## Your assignment
Pictures stay out. Everything else in the listing below gets written out exactly.

## Source material
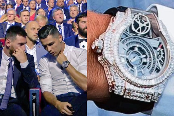 Sinon, et toujours à Monaco dans le cadre de la cérémonie du tirage au sort de cette Ligue des champions 2019-20, Ronaldo a partagé l’affiche avec Lionel Messi, en grande discussion avec son rival argentin. Et sur toutes les images qui ont circulé dans le monde, est visible la montre Hublot MP-09 Tourbillon Bi-Axis, « customisée » de diamants et autres pierre précieuses qui la rendent encore plus unique et chère qu’elle ne l’est de base. Comme les autres précédemment cités, elle approcherait les 1,5 millions d’euros.
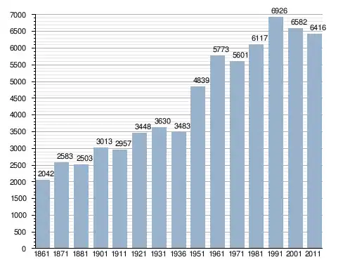 في سنة 1861 بلغ عدد السكان 2٬042 نسمة، وتطور العدد ليصل في سنة 2011 لـ 6٬416 نسمة.
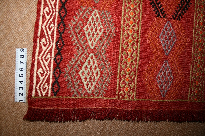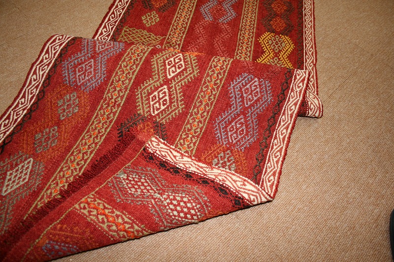 オールドキリム 40~50年前のものです。繊細な織りと、大胆なデザインデと色彩。一枚あるだけで、オリジナリティあふれる空間をつくり出してくれます。本キリムに使用の糸は、すべて草木染めです。機械織りとは異なり、暖かみが伝わるハンドメイドです。使われた様子はなく、ダメージはありません。サイズ的に壁に飾ってもいい感じです。ふさの根元の部分は、横糸が出てこないように丁寧に仕上げています。リーズナブルなプライスでご満足いただけると思います。

## Solution
 Sinon, et toujours à Monaco dans le cadre de la cérémonie du tirage au sort de cette Ligue des champions 2019-20, Ronaldo a partagé l’affiche avec Lionel Messi, en grande discussion avec son rival argentin. Et sur toutes les images qui ont circulé dans le monde, est visible la montre Hublot MP-09 Tourbillon Bi-Axis, « customisée » de diamants et autres pierre précieuses qui la rendent encore plus unique et chère qu’elle ne l’est de base. Comme les autres précédemment cités, elle approcherait les 1,5 millions d’euros.
 في سنة 1861 بلغ عدد السكان 2٬042 نسمة، وتطور العدد ليصل في سنة 2011 لـ 6٬416 نسمة.
 オールドキリム 40~50年前のものです。繊細な織りと、大胆なデザインデと色彩。一枚あるだけで、オリジナリティあふれる空間をつくり出してくれます。本キリムに使用の糸は、すべて草木染めです。機械織りとは異なり、暖かみが伝わるハンドメイドです。使われた様子はなく、ダメージはありません。サイズ的に壁に飾ってもいい感じです。ふさの根元の部分は、横糸が出てこないように丁寧に仕上げています。リーズナブルなプライスでご満足いただけると思います。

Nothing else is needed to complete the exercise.